Data section ::

* * *

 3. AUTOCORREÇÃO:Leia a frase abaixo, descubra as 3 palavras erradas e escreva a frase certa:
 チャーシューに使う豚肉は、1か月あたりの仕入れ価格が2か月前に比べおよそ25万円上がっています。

* * *

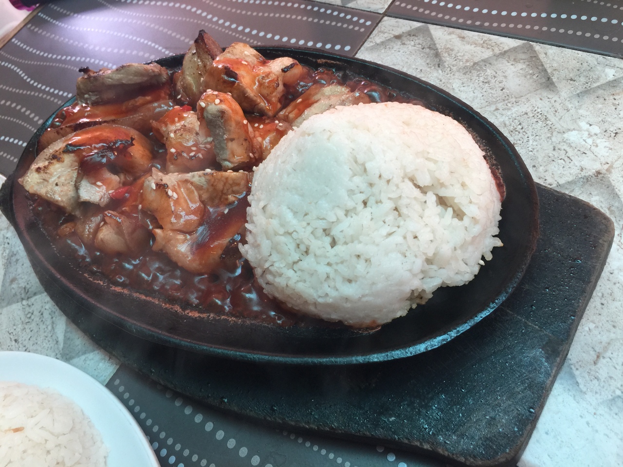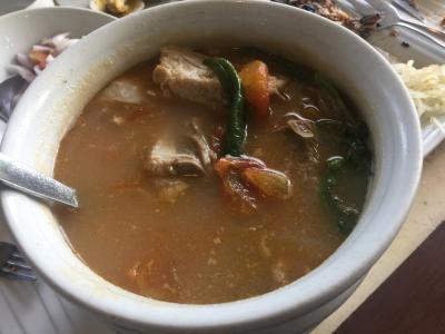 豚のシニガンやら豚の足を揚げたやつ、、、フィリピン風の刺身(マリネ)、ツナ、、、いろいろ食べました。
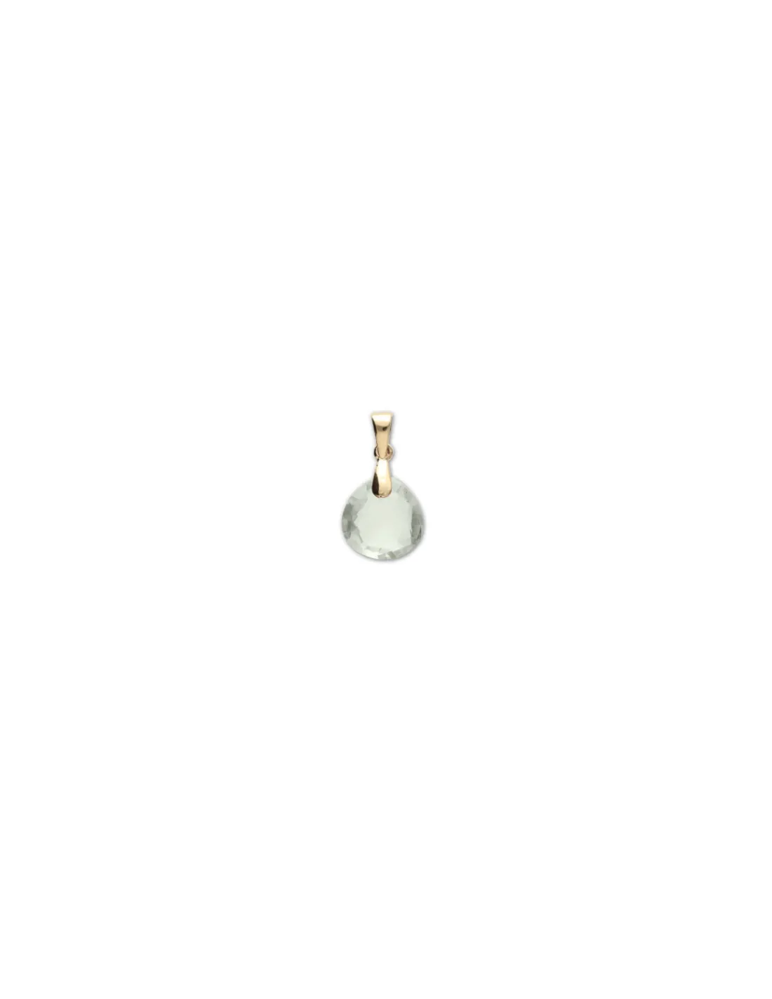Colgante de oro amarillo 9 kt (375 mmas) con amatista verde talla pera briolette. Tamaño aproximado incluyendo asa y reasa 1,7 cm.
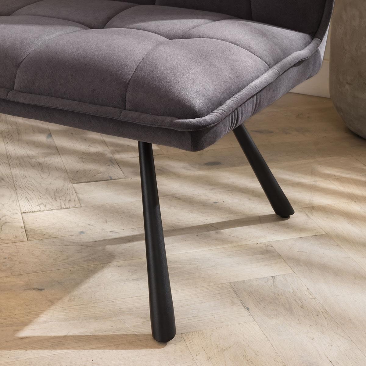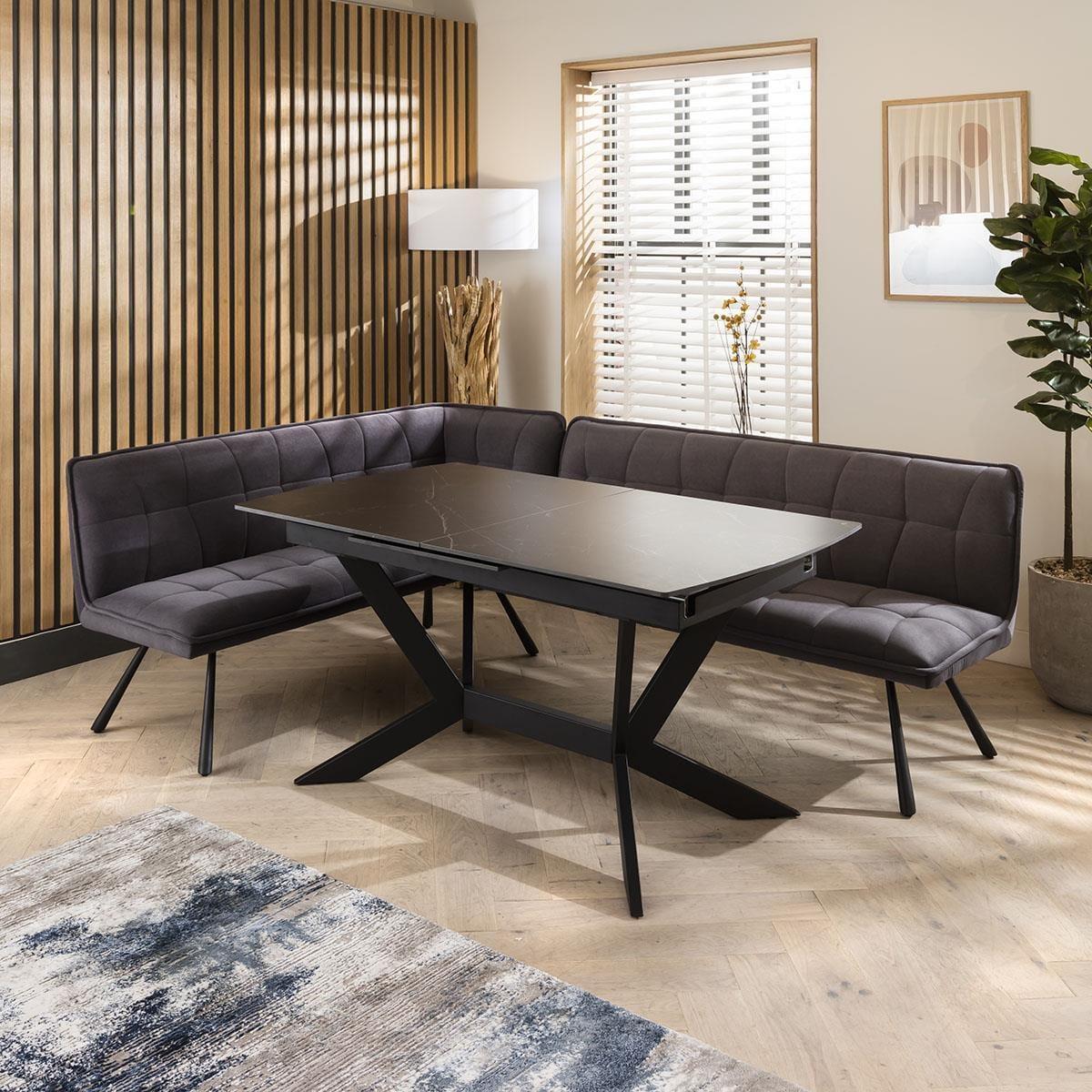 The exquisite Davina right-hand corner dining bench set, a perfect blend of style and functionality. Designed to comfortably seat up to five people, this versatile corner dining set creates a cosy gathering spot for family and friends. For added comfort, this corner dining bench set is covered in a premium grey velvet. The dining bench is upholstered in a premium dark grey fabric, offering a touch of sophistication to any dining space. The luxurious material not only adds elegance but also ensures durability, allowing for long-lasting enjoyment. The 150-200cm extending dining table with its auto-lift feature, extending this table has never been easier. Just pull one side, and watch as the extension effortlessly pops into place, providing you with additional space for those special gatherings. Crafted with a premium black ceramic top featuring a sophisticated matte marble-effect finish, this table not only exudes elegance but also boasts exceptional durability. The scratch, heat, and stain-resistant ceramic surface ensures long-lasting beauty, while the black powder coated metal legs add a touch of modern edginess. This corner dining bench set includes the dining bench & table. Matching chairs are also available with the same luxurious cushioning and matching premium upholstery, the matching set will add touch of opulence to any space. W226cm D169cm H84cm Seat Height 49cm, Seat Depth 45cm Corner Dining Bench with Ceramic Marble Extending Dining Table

* * *

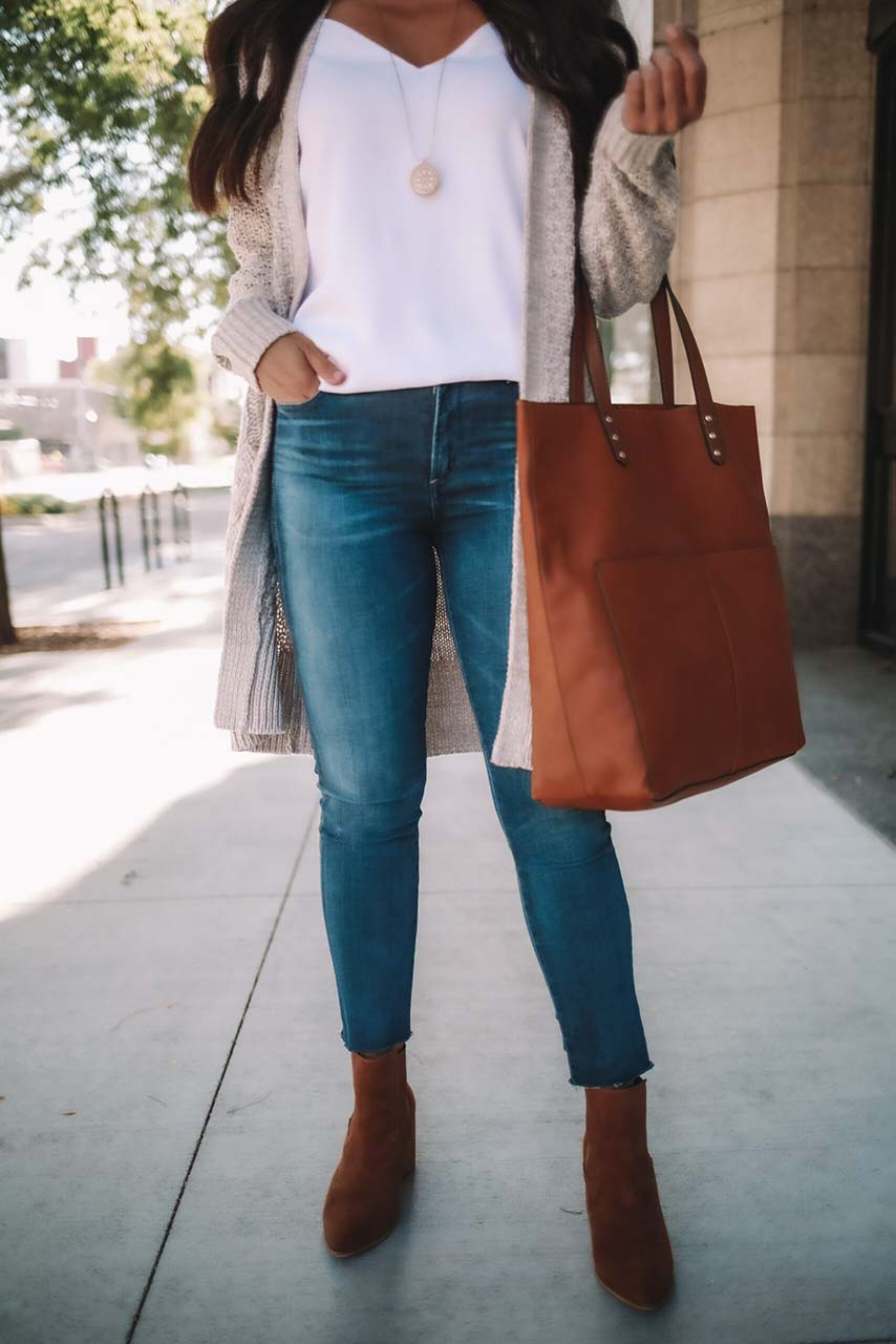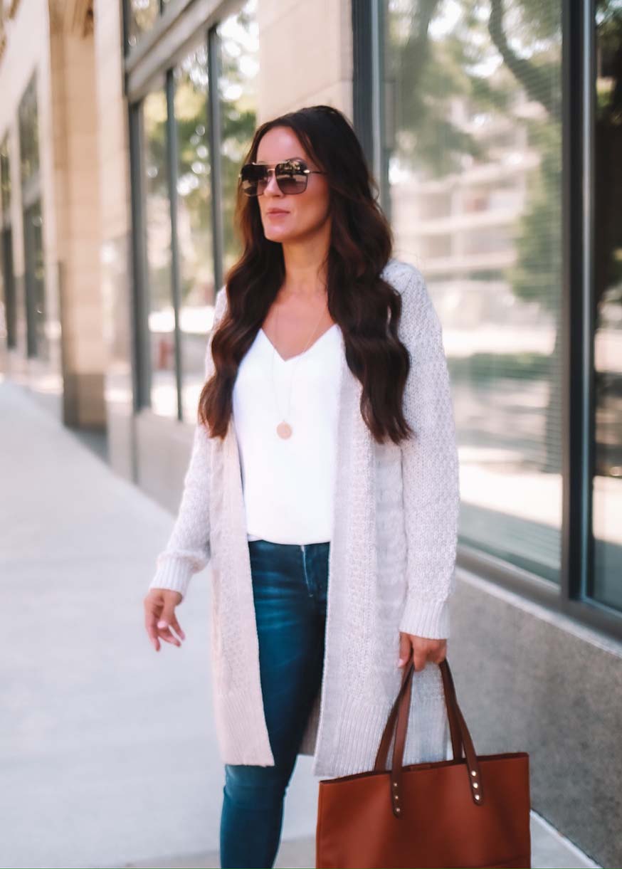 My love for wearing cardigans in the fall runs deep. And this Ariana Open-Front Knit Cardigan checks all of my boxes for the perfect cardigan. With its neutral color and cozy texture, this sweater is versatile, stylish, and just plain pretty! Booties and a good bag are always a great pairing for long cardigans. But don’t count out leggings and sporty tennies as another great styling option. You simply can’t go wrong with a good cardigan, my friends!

* * *

To do ::
Please give an exact copy of the entries above, from the line with "3. AUTOCORREÇÃO:Leia a" down to the line with "チャーシューに使う豚肉は、1", inclusive, and nothing else.

Exercise response ::
 3. AUTOCORREÇÃO:Leia a frase abaixo, descubra as 3 palavras erradas e escreva a frase certa:
 チャーシューに使う豚肉は、1か月あたりの仕入れ価格が2か月前に比べおよそ25万円上がっています。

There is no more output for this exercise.